EM算法与混合高斯模型
close all;
clear;
clc;
%% Sample Generate
N=5000;
a_real =[3/10,5/10,2/10];
mu_real = [7,12;12,7;14,15];
cov_real(:,:,1) = [1,0;0,1];
cov_real(:,:,2) = [3,1;1,3];
cov_real(:,:,3) = [3,1;1,3];
X_1 = mvnrnd(mu_real(1,:),cov_real(:,:,1),N*a_real(1));
X_2 = mvnrnd(mu_real(2,:),cov_real(:,:,2),N*a_real(2));
X_3 = mvnrnd(mu_real(3,:),cov_real(:,:,2),N*a_real(3));
X=[X_1;X_2;X_3];
X = X(randperm(size(X,1)),:);
%% Sample Ploting
x = 0:0.5:20;
y = 0:0.5:20;
[x y]=meshgrid(x,y);
mesh = [x(:),y(:)];
z_real = a_real(1)*mvnpdf(mesh,mu_real(1,:),cov_real(:,:,1))+...
a_real(2)* mvnpdf(mesh,mu_real(2,:),cov_real(:,:,2))+...

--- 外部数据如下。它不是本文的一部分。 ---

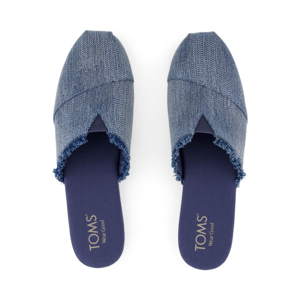 TOMS รองเท้าลำลองผู้หญิง สลิปออน รุ่น Alpargata Mule Dark Sky Textured Denim Fray (CE) รองเท้าลิขสิทธิ์แท้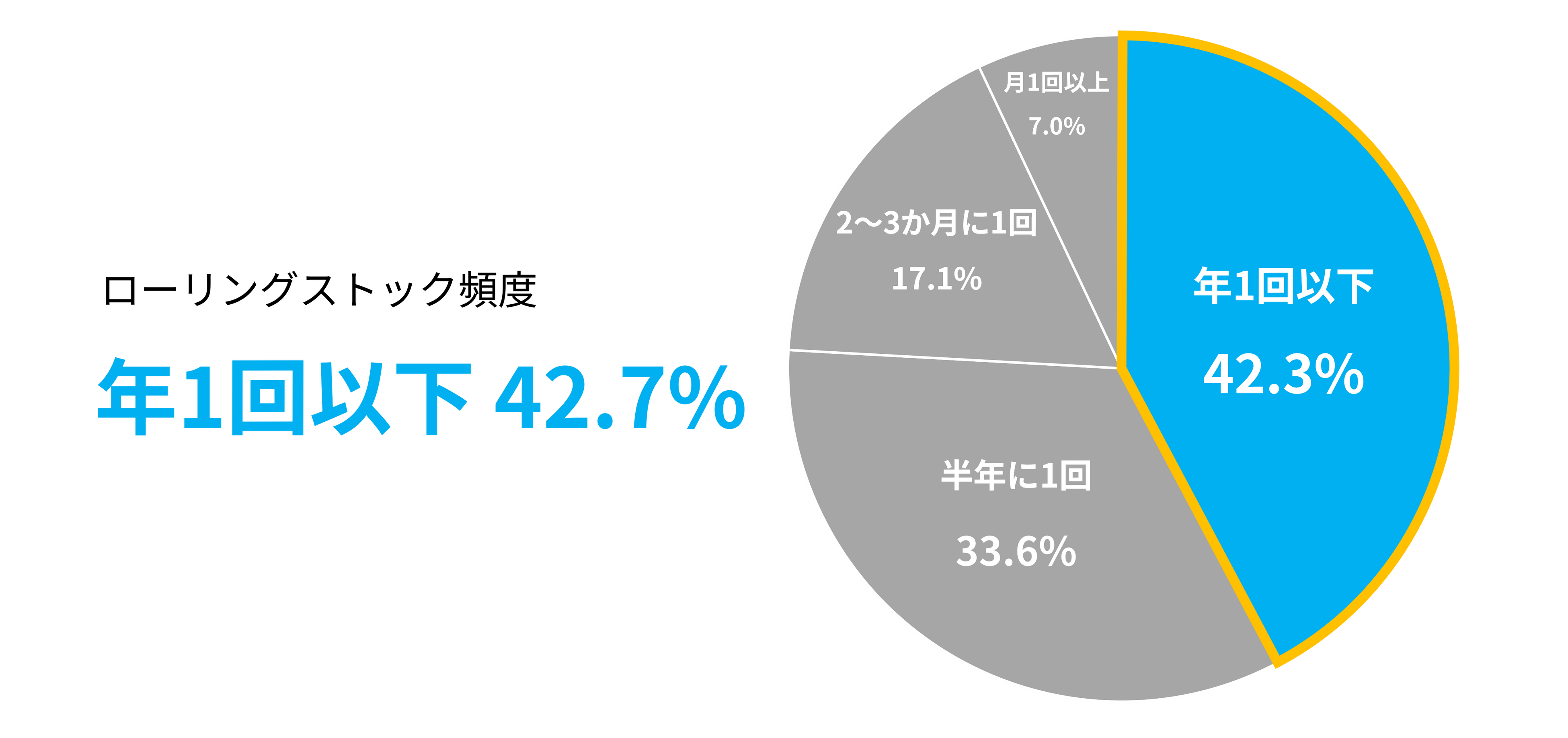 備蓄品の入れ替え(ローリングストック)の頻度を尋ねたところ、「年1回以下」が42.3%で最も多く選ばれました。定期的な賞味期限のチェックと入れ替えが必要とされる一方で、面倒な作業を避けるため年1回程度の更新で十分と考える傾向があります。無駄を減らしつつ確実な備蓄管理を実現する方法として、年1回の入れ替えが適切だと判断されています。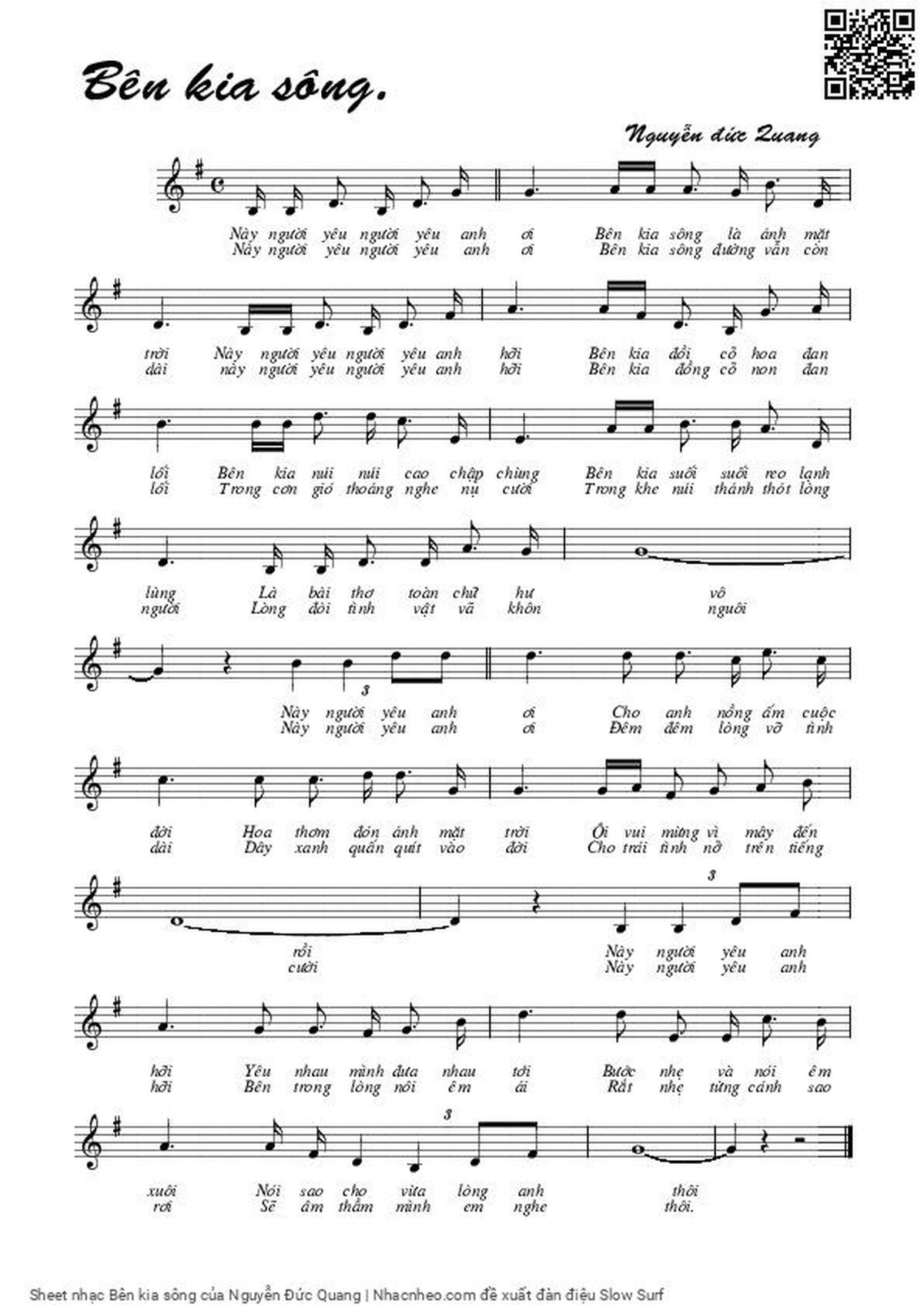 The Videos/audios Bên kia sông by Nguyễn Đức Quang were embed from Youtube, Musescore or the other 3rd links. Videos are subject to 3rd's copyright control and may be removed by YouTube's copyright rules and 3rd's policies or maybe included advertisements. If you cannot access to these songs, this mean that have been removed.

a_real(3)* mvnpdf(mesh,mu_real(3,:),cov_real(:,:,3));
subplot(2,3,1);
plot(X_1(:,1),X_1(:,2),'x',X_2(:,1),X_2(:,2),'o',X_3(:,1),X_3(:,2),'<')
subplot(2,3,2);
contour(x,y,reshape(z_real,size(x,2),size(y,2)));
subplot(2,3,3);
surf(x,y,reshape(z_real,size(x,2),size(y,2)));
subplot(2,3,4);
plot(X(:,1),X(:,2),'x');
%%subplot(2,2,3);
%%surf(x,y,reshape(z_real,size(x,2),size(y,2)));
%%shading interp;
%% Parameter Initialization
a = [1/3, 1/3,1/3];
cov(:,:,1) = [1,0;0,1];
cov(:,:,2) = [1,0;0,1];
cov(:,:,3) = [1,0;0,1];
mu_y_init = (max(X(:,1))+min(X(:,1)))/2;
mu_x1_init = max(X(:,2))/4+3*min(X(:,2))/4;
mu_x2_init = 2*max(X(:,2))/4+2*min(X(:,2))/4;
mu_x3_init = 3*max(X(:,2))/4+1*min(X(:,2))/4;
w = zeros(size(X,1),length(a)); %%w(i,j),i是样本数量,j是聚类数量,w(i,j)的值表示样本i属于聚类j的概率,最大值表示i的聚类
mu = [mu_x1_init,mu_y_init;mu_x2_init,mu_y_init;mu_x3_init,mu_y_init];
%% EM Implementation
iter = 40;
for i = 1:iter
%% Expectaion: 根据现有的(最新得到的)高斯分布和先验概率,计算每一个样本属于每一个聚类的概率
for j = 1 : length(a)
w(:,j)=a(j)*mvnpdf(X,mu(j,:),cov(:,:,j));
end
w=w./repmat(sum(w,2),1,size(w,2)); %%为了方便./计算,建立一个和w一样规模的矩阵,矩阵的列是相同的,每一行是w(:,1)+w(:,2)的值
%% Maximum: 根据现有的(最新得到的)的每一个样本属于每一个聚类的概率,计算先验概率和高斯参数
a = sum(w,1)./size(w,1); %%把w的每一行加起来就能得到每一个聚类的先验概率
mu = w'*X; %%分别得到X每一维对于每一个聚类的期望,mu(i,j),i是维数,j是聚类数
mu= mu./repmat((sum(w,1))',1,size(mu,2));
for j = 1 : length(a)
vari = repmat(w(:,j),1,size(X,2)).*(X- repmat(mu(j,:),size(X,1),1)); %%得到一个特定聚类X每一维的方差矩阵,乘以w,(相当于选择出属于该聚类的X)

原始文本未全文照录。